“Child labor and poverty are inevitably bound together and if you continue to use the labor of children as the treatment for the social disease of poverty, you will have both poverty and child labor to the end of time.”
– Grace Abbott (American Social Worker & Child Labor Reformer Director, Children's Bureau, U.S. Department of Labor 1917,1934)
The roots of poverty run deep into the social history and framework of many cultures, however if these taboos are not addressed, the cycle of poverty cannot be broken. Millions of parents across the globe feel the burden of poverty heavily weighing on their shoulders on a daily basis. Soon one finds these same families turning to their children as a tool to escape the desperation of hunger and the feeling of hopelessness. Children are turned out to work for the survival of the family, often they are sent to the fields, into brick factories, on to the streets to beg, to the mines, or to the lakes to fish, and even worse many are literally sold into slavery. Children are sold every day as if they were open market commodities; sold into the seedy world of commercial sex or other situations of domestic or physical labor.

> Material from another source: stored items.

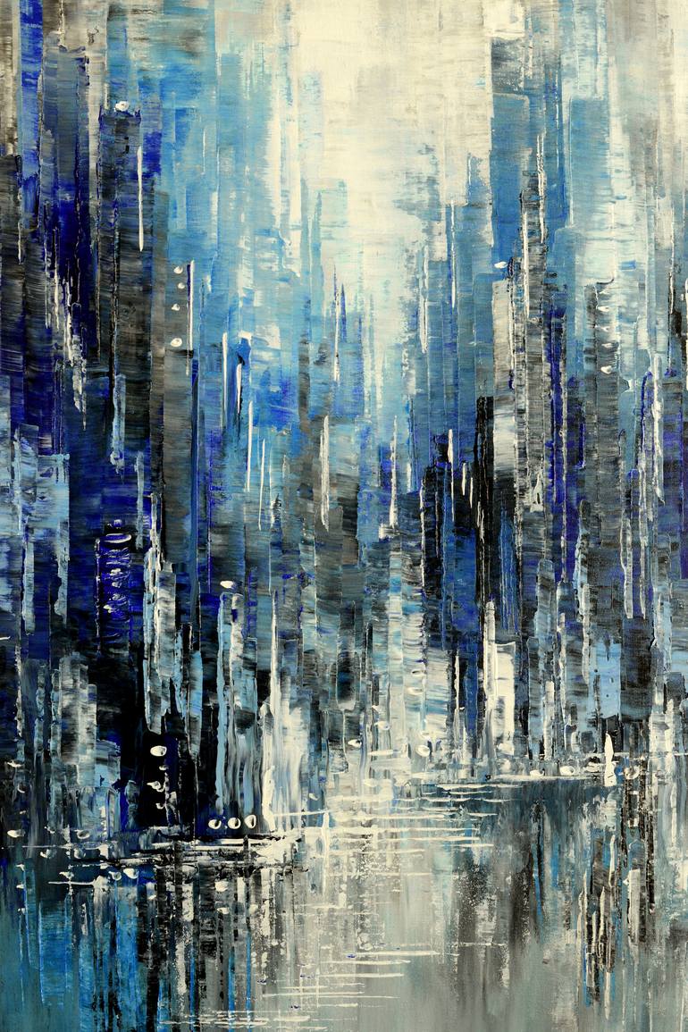 This is an original palette knife cityscape painting. Sides of the canvas are painted dark gray and can hung with or without frame. Protective coat of satin varnish applied. Wire attached. The painting is signed on the front and the back and delivered directly from my studio.
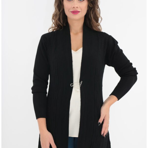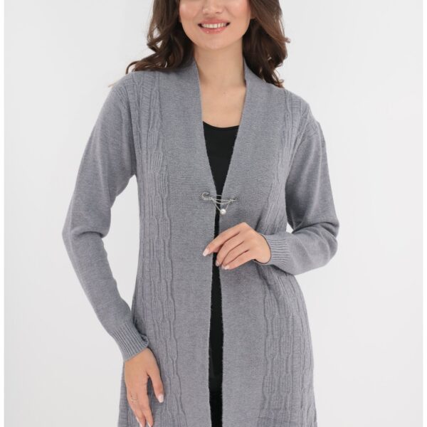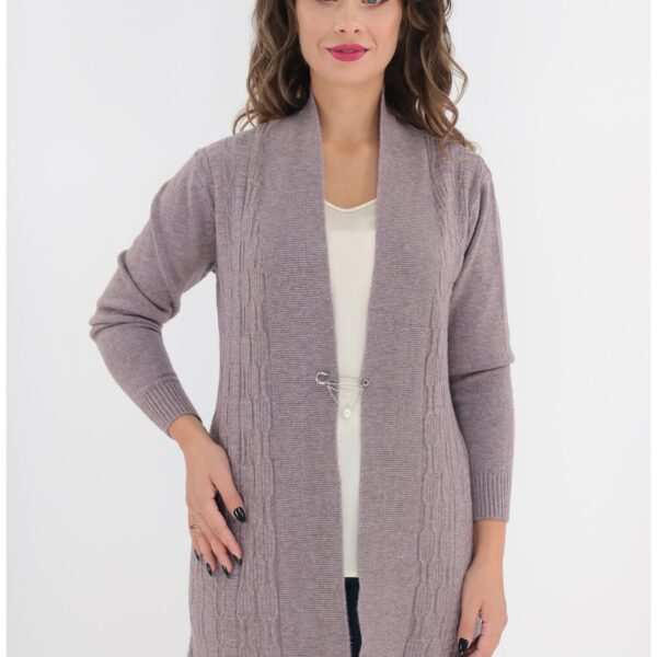 Cardigan cafeniu tricotat cu model in relief si brosa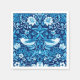Serviettes en papier dans un William Morris, motif de tapisserie Art Nouveau intitulé "The Strawberry Thief", d'oiseaux stylisés, de fleurs, de fraises et de feuilles, numériquement rehaussés et colorés dans les tons bleu cobalt, bleu clair et blanc, sur un profond arrière - plan bleu indigo

The entry of a child into the labor market leaves a child bound by the chains of poverty, most often giving them no chance at an education. The denial of an education to a child thus only fuels the cycle of poverty, which is the root cause of all most all of children's rights violations, such as; access to healthcare, malnutrition, abuse, child marriage, child trafficking and slavery. Therefore if the global community is to truly strive to end global poverty, one must unbind the ties of child labor and ensure that children across the world are given access to an education.